We then examined the response of CD11b+Ly6G+ cells to polyI:C treatment in IFNAR1−/− mice. PolyI:C treatment did not induce ROS/RNS production in tumor-infiltrated CD11b+Ly6G+ cells from IFNAR1−/− mice (Figure 4g). PolyI:C treatment induced mRNA expression of type-I IFNs by CD11b+Ly6G+ cells in tumor-bearing mice that was dependent on the TICAM-1 pathway (Supplementary Figure 3a). Recombinant type-I IFNs increased the production of ROS/RNS by CD11b+Ly6G+ cells (Supplementary Figure 7). Tumor-infiltrating CD11b+Ly6G+ cells also showed enhanced H2O2 production after polyI:C treatment (Figure 4h).

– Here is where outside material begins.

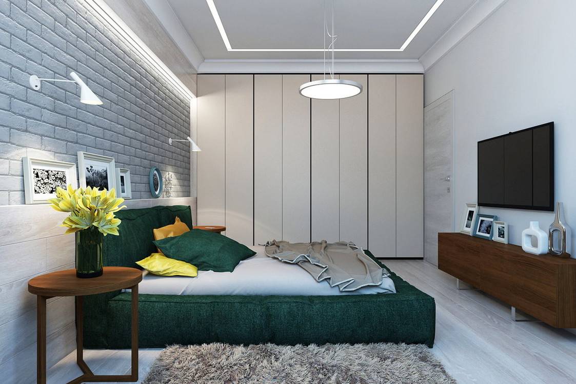 Небольшие помещения следует оформлять в светлых тонах. Исключением может стать использование темных оттенков на одной из акцентных стен. Такой дизайнерский секрет добавит дополнительной глубины помещению и приумножит свободное пространство, как видно на фото интерьера однокомнатной квартиры 20 кв.м.

ROS/RNS are responsible for the antitumor activity of polyI:C-activated CD11b+Ly6G+ cells
Next, we determined whether ROS/RNS were involved in the tumor growth inhibition of EL4 cells by polyI:C-activated CD11b+Ly6G+ cells. We performed a co-implantation experiment (as in Figure 2d) to evaluate the possibility that ROS/RNS are effectors of polyI:C-activated CD11b+Ly6G+ cells. Mice were treated with uric acid or L-NAME after co-implantation of EL4 cells with CD11b+Ly6G+ cells. CD11b+Ly6G+ cell-induced inhibition of tumor growth was abrogated in mice treated with both reagents (Figures 5a and b). Furthermore, N6-(1-Iminoethyl)-L-lysine dihydrochloride (L-NIL, an iNOS inhibitor) inhibited the cytotoxic activity of CD11b+Ly6G+ cells even after polyI:C activation (Figure 5c). Thus, ROS/RNS production by polyI:C-activated CD11b+Ly6G+ cells is critical for their antitumor activity.
PolyI:C-activated CD11b+Ly6G+ cells inhibit tumor growth through ROS/RNS production. (a and b) CD11b+Ly6G+ cells were isolated from tumor-bearing mice after 4 h of treatment with PBS or polyI:C (200 μg), and then mixed with EL4 cells. The mixture was injected s.c. into B6 WT mice, followed by an i.p. injection with 20 mg of uric acid (a) or 1.5 mg of L-NAME (b) (day 0). (c) EL4 tumor-bearing mice were injected i.p. with PBS or polyI:C (200 μg). After 4 h, CD11b+Ly6G+ cells were isolated from spleens in the presence or absence of 50 μM L-NIL. The cytotoxic activity of CD11b+Ly6G+ cells against EL4 cells was determined. Data are shown as mean±S.D. (n=3, **P<0.005). Representative data of two independent experiments are shown
PNT and H2O2 induce caspase-8/3 activation and cell death in cancer cell lines
We investigated whether CD11b+Ly6G+ cells were generally important for tumor growth inhibition by polyI:C treatment using another tumor model. Inhibition of B16 tumor growth is largely dependent on NK cells in polyI:C therapy.5 The inhibitory effect of polyI:C on B16 tumor growth was partially abrogated in mice pretreated with an anti-Ly6G Ab (Figure 6a). CD11b+Ly6G+ cells activated by polyI:C inhibited B16 tumor growth (Figure 6b). Furthermore, polyI:C induced ROS/RNS production from CD11b+Ly6G+ cells in tumor and spleen of mice implanted with B16, and also 3LL, and MC38 cells (Figure 6c and Supplementary Figure 8).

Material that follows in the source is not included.